'Victorian Radicals' Traveling Exhibition Begins Multiyear U.S. Museum Tour

  • NEW YORK, New York
  • /
  • December 06, 2018

  • Email
Kate Bunce, Musica, ca. 1895–97. Oil on canvas, 40 3/16 x 30 3/16 x 1 3/4 in., Birmingham Museums Trust (1897P17).
© Birmingham Museums Trust. IMAGE: Courtesy of ...
William De Morgan, Wall tile, 1880-90.
© Birmingham Museums Trust. IMAGE: Courtesy of ...

An unprecedented selection of paintings, works on paper, and decorative arts—many never shown outside the UK—by three generations of revolutionary British artists and designers. 

On view now through January 6, 2019, at Oklahoma City Museum of Art, and then traveling to 7 other U.S. museums through 2021 (view itinerary).

The American Federation of Arts is pleased to present the exhibition Victorian Radicals: From the Pre-Raphaelites to the Arts & Crafts Movement, a project created in collaboration with Birmingham Museums Trust. The exhibition, drawn from the collection of the city of Birmingham, United Kingdom, focuses on three generations of young and rebellious artists and designers whose response to the increasingly industrial world around them revolutionized the arts in Britain.

In the second half of the nineteenth century, three generations of young, rebellious artists and designers revolutionized the visual arts in Britain, engaging with and challenging the new industrial world around them. The Pre-Raphaelite Brotherhood, William Morris and his associates, and the champions of the Arts & Crafts Movement offered a radical artistic and social vision that found inspiration in the pre-industrial past and came to decisively influence visual culture in Britain and beyond.

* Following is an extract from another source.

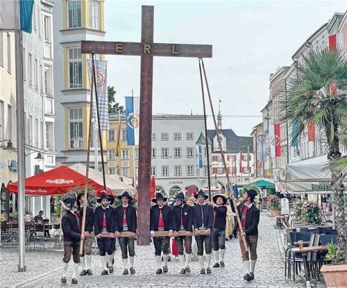Schwer beeindruckt hat den Wiesnigel Ignaz beim Erntedank das Erler Kreuz: Fünfeinhalb Meter hoch und rund 160 Kilo schwer ist das Glaubenszeugnis, das zehn gestandene Mannsbilder schwer beschäftigt hat: Sechs Männer trugen das Kreuz, vier stützten es auf dem Weg vom Max-Josefs-Platz zum Altar am Ma
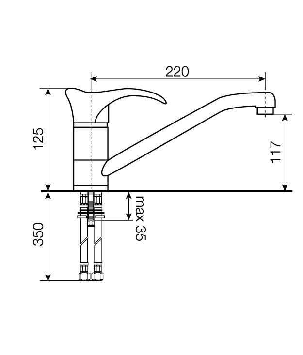 - Высота смесителя, см 12.5

Drawn from the outstanding collection of the city of Birmingham, United Kingdom, Victorian Radicals will, for the first time, bring together paintings, works on paper, and decorative arts—many never shown outside the UK—to illuminate this most dynamic period of British art in an exhibition of unparalleled historical and visual richness.

Through approximately 145 objects by pioneering artists including Ford Madox Brown, Edward Burne-Jones, William Holman Hunt, John Everett Millais, William Morris, Dante Gabriel Rossetti, and Elizabeth Siddall, among others, Victorian Radicals will represent the spectrum of avant-garde practices of the Victorian period, emphasizing the response of Britain’s first modern art movements to unfettered industrialization. These artists’ attention to detail, use of vibrant colors, and engagement with both literary themes and contemporary life will be illustrated through a selection of paintings, drawings, and watercolors presented alongside superb examples of decorative art.

George Frampton, The Christabel Necklace, 1893.
© Birmingham Museums Trust. IMAGE: Courtesy of ...

Caring for the largest Pre-Raphaelite collection in the world and with extraordinarily rich holdings of Victorian fine and decorative art, Birmingham Museums Trust is uniquely positioned to tell the story of the Pre-Raphaelites and other foundational artistic movements of the modern era.

The exhibition will explore the ideas that preoccupied artists and critics at the time—the relationship between art and nature; questions of class and gender identity; the value of the handmade versus machine production; and the search for beauty in an age of industry—issues that remain relevant and actively debated today.

Victorian Radicals will be accompanied by a fully illustrated catalogue with contributions from the exhibition’s curatorial team, who will present new scholarship on Birmingham’s collection and its wider contexts.